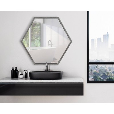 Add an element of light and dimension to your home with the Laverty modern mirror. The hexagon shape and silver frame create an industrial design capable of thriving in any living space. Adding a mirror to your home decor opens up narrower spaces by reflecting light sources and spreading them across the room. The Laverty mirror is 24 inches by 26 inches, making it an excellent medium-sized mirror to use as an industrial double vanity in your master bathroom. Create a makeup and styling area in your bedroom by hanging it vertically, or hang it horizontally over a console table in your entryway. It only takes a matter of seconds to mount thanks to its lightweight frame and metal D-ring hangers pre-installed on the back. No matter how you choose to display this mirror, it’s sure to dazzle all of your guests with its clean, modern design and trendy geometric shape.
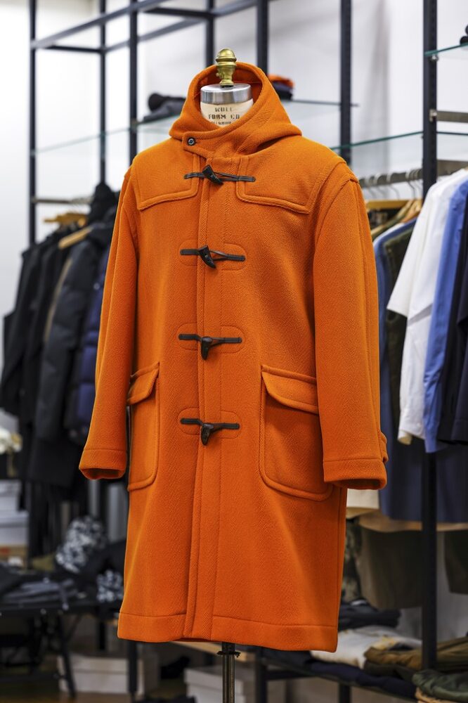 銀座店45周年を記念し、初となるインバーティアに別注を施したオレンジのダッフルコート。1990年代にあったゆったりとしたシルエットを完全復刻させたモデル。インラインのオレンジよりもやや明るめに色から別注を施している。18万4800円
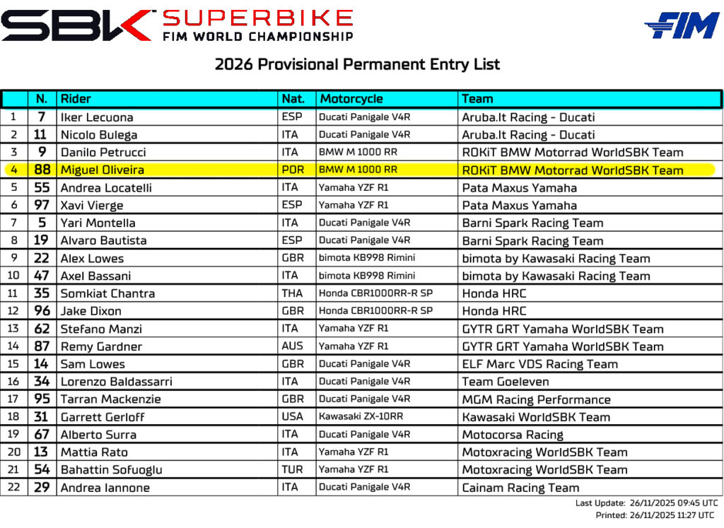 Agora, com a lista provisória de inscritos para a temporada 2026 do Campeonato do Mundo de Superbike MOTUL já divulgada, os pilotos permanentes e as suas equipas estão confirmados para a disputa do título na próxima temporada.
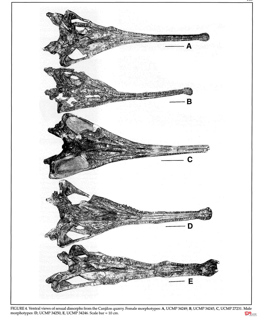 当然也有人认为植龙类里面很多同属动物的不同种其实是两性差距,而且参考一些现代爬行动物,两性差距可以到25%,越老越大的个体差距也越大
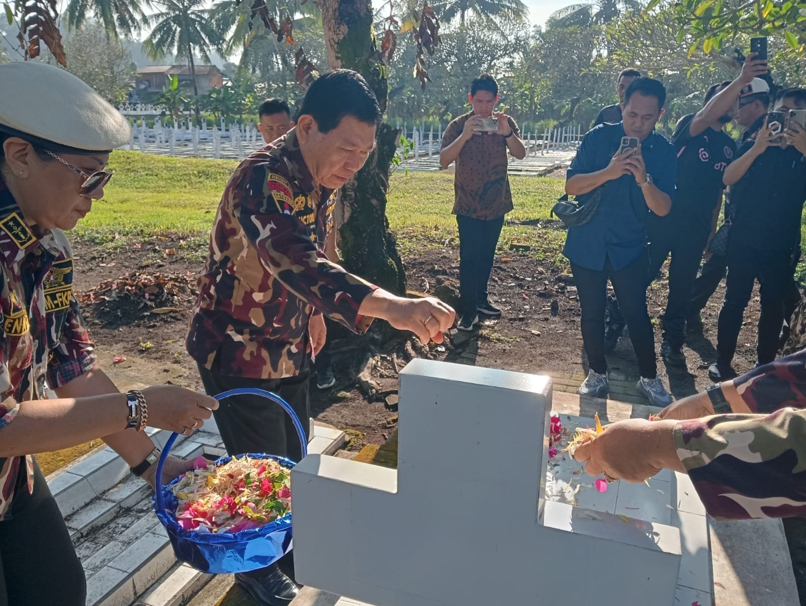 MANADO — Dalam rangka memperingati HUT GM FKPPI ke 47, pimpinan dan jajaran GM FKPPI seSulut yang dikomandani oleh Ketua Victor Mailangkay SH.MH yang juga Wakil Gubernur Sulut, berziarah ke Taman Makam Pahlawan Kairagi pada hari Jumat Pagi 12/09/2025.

**TO DO**
Nothing is needed beyond an exact transcription of the lines from the one containing "当然也有人认为植龙类里面很多" to the end of the entries above, with the pictures omitted.

**SOLUTION TO THE PROBLEM**
 当然也有人认为植龙类里面很多同属动物的不同种其实是两性差距,而且参考一些现代爬行动物,两性差距可以到25%,越老越大的个体差距也越大
 MANADO — Dalam rangka memperingati HUT GM FKPPI ke 47, pimpinan dan jajaran GM FKPPI seSulut yang dikomandani oleh Ketua Victor Mailangkay SH.MH yang juga Wakil Gubernur Sulut, berziarah ke Taman Makam Pahlawan Kairagi pada hari Jumat Pagi 12/09/2025.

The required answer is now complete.